Super simple question about an example of the module of differentials of a polynomial ring

Question

This will no doubt be a very simple question, but I am clearly missing something. Assume all rings are commutative with identity. Let $B$ be an $A$-algebra and denote the map $$ \mu: B \otimes_{A} B \longrightarrow B $$ determined by multiplication. Let $I$ denote the kernel of $\mu$. It is a well known fact that the module of differentials of $B$ over $A$ can be given by $$ \Omega_{B/A} = I/I^{2} $$ Now suppose $k$ is a field and we construct the polynomial ring $B = k[x]$. Then we have the map $$ \mu: k[x] \otimes_{k} k[x] \longrightarrow k[x] $$ determined just by polynomial multiplication. But $k[x]$ is an integral domain so the kernel of $\mu$ is surely only those tensor products $f \otimes g$ with either $f$ or $g$ being $0$. But it is also not true that $\Omega_{B/k} = 0$, since $\Omega_{B/k}$ is the free module generated by the symbol $dx$. I am brand new to modules of differentials and so am very clearly missing some basic point here.

Answer 1

The tensor product is over $k$, not $k[x]$. An example of an element in the kernel $I$ is $x^r\otimes x^s-x^s\otimes x^r$ with $r<s$. This is a nonzero element of $k[x]\otimes_k k[x]$ as the $x^r\otimes x^s$ form a vector space basis for this tensor product.

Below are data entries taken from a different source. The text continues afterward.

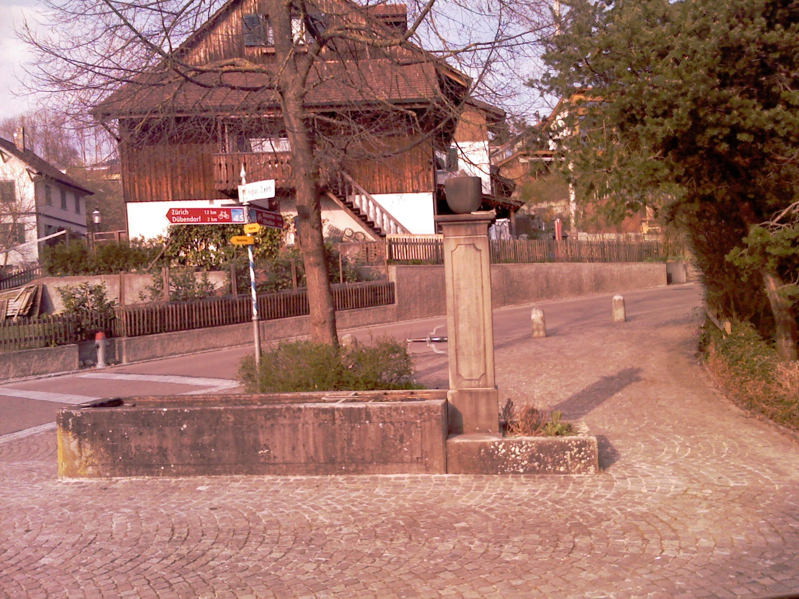 Village Fountain al Wangen, municipality of Wangen-Brüttisellen, canton of Zürich, SwitzerlandEsperanto: Vilaĝa puto de Wangen, komunumo Wangen-Brüttisellen, Kantono Zuriko, Svislando
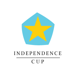 Independence-cup-logo
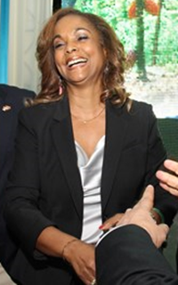 Sharing a laugh From left to right: Assistant Secretary of State for Economic and Business Affairs Charles Rivkin; Deputy Chairman of the Tourism Development Company Janelle Commissiong-Chow (in picture); Chairman of the Massy Group Robert Bermudez; and Trinidad and Tobago's Minister of Planning and Sustainable Development Bhoendradatt Tewarie, at the Americas Competitiveness Forum VII, Port of Spain, Trinidad.
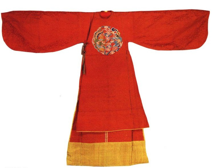 Artifact of clothing from China Ming Dynasty
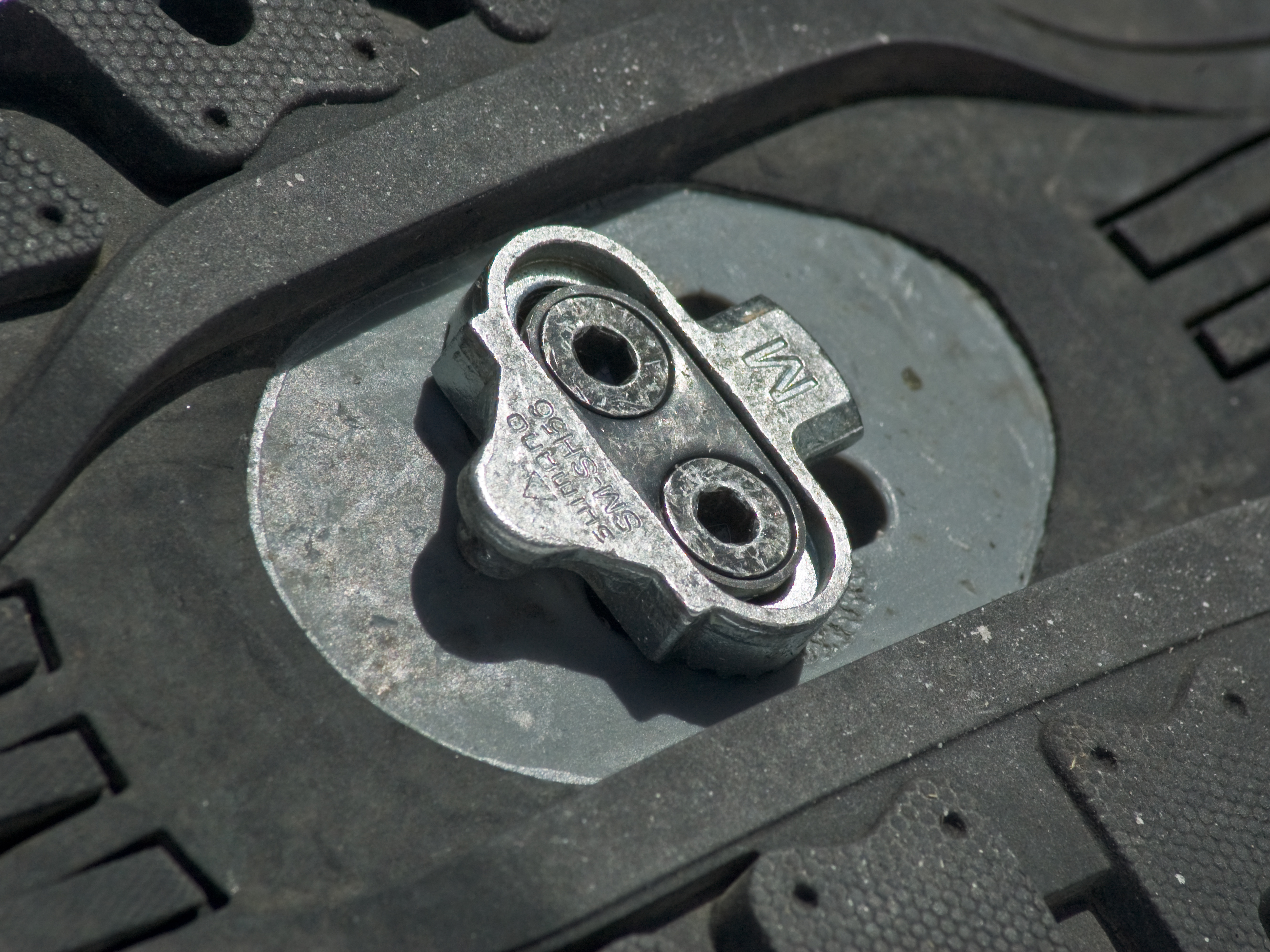 Shimano SH-56 SPD (Shimano Pedaling Dynamics) bicycle cleat attached to a Shimano MT31 cycling shoe.
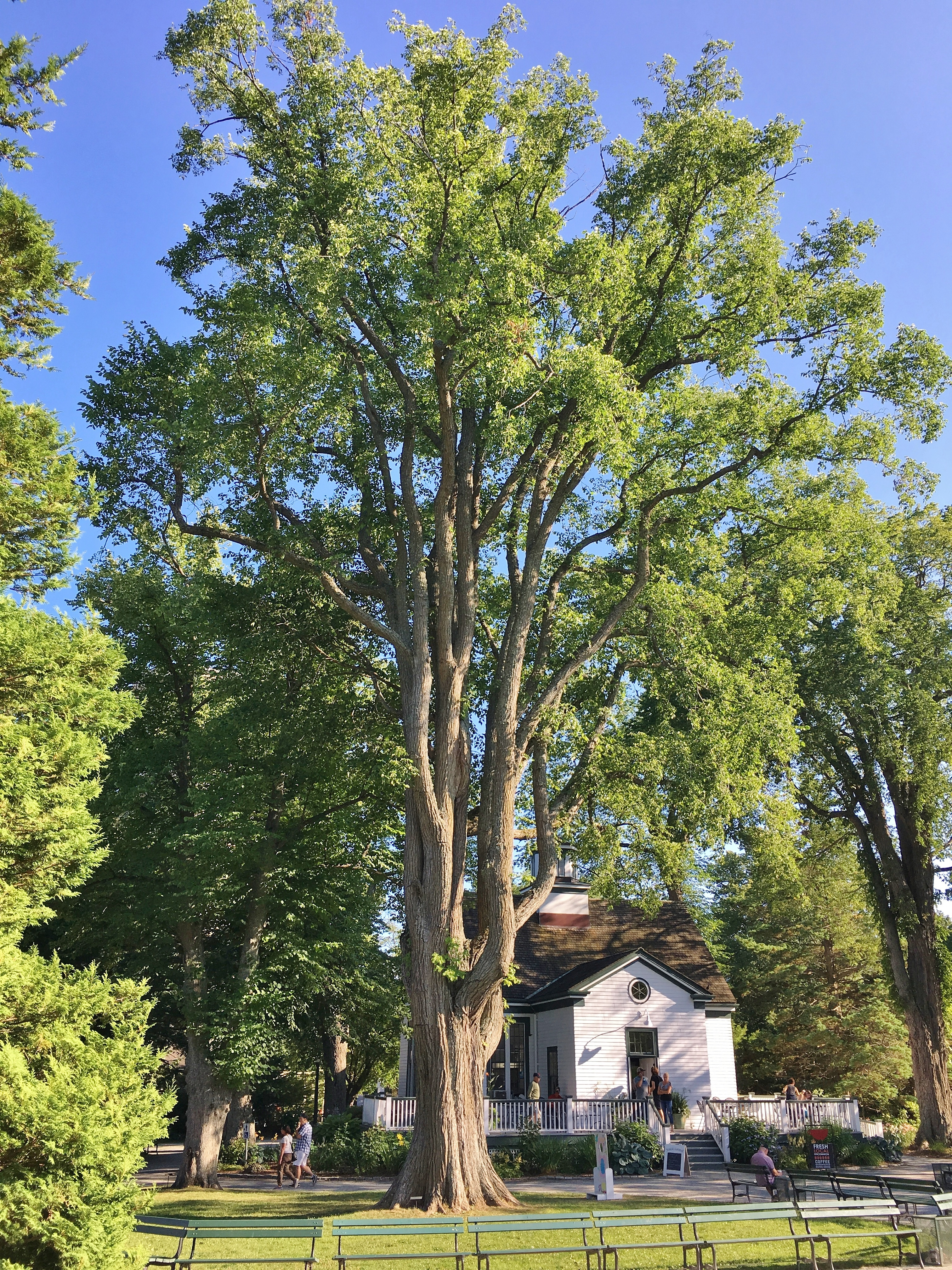 Photograph of an old American elm tree located near the Horticultural Hall & Cafe in the Halifax Public Gardens, Halifax, Nova Scotia, Canada (August 2019)
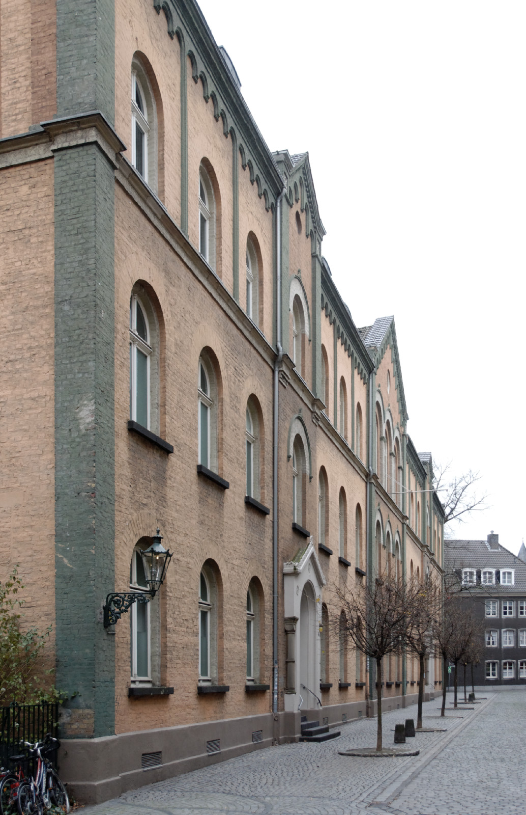 House Lambertusstraße 1 in Düsseldorf-Altstadt, Germany
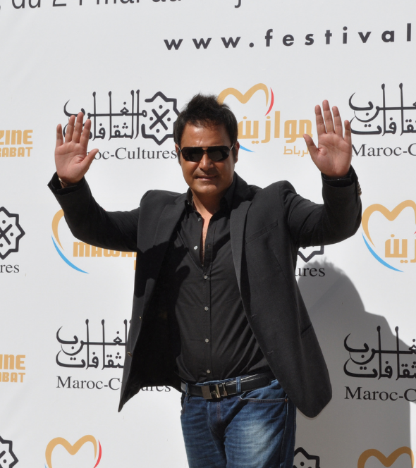 Lebanese singer Assi El Helani gave attending the 12th edition of the Mawazine music festival in Rabat.
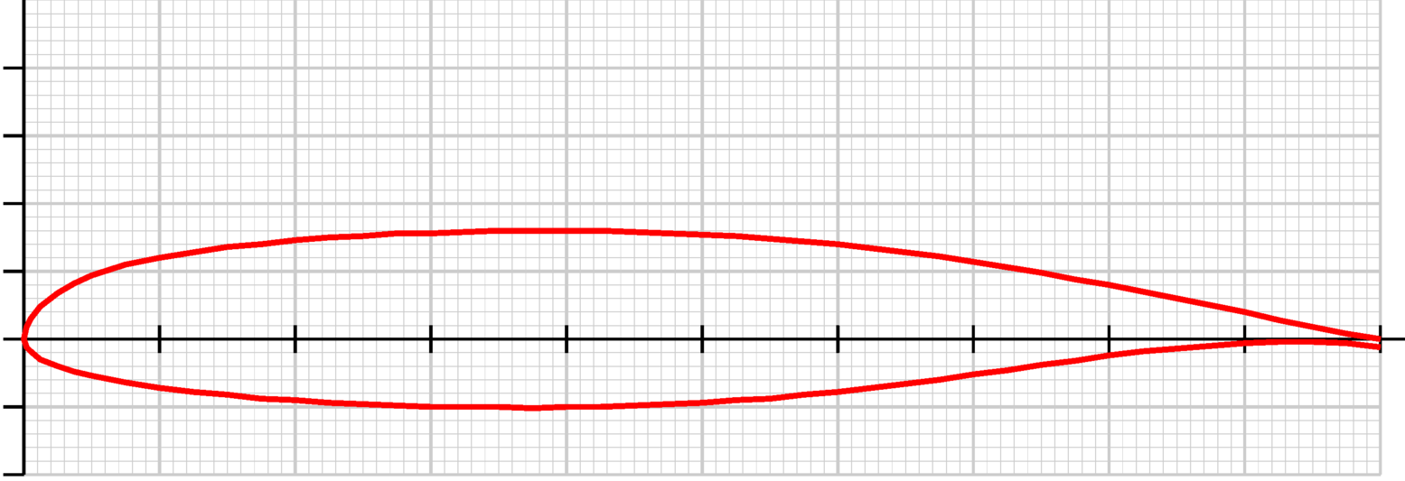 Airfoil NASA/LANGLEY MS(1)-0313
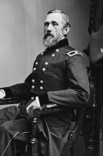 Portrait of Brig. Gen. John G. Barnard, officer of the Federal Army.

These $x^r\otimes x^s-x^s\otimes x^r$ form a vector space basis for $I$ and the $\phi_s=1\otimes x^s-x^s\otimes 1$ for $s\ge1$ form a free generating set for $I$ as a $k[x]$-module.

Now $$\phi_s\phi_t=1\otimes x^{s+t}-x^s\otimes x^t-x^t\otimes x^s + x^{s+t}\otimes1=\phi_{s+t}-x^s\phi_t-x^t\phi_s$$ so that $$\phi_{s+t}\equiv x^s\phi_t+x^t\phi_s\pmod{I^2}.$$ By induction $$\phi_s\equiv sx^{s-1}\phi_1$$ so that $I/I^2$ is generated by the image of $\phi_1$ in $I/I^2$ which we call $dx$. The existence of the standard derivation on $k[x]$ shows that $dx\ne0$ and indeed $I/I^2$ is free of rank one on $dx$.

Answer 2

Even if $B$ is an integral domain, the kernel of the multiplication map $\mu: B \otimes B \to B$ is not in general $0$, since for any $b \in B$, we have $1 \otimes b - b \otimes 1 \in \text{ker}(\mu)=I$. In fact, the map $B \to I/I^2$ given by $b \mapsto 1 \otimes b - b \otimes 1$ satisfies the univeral property of the module of Kahler differentials so that $\Omega_{B/A} \cong I/I^2$.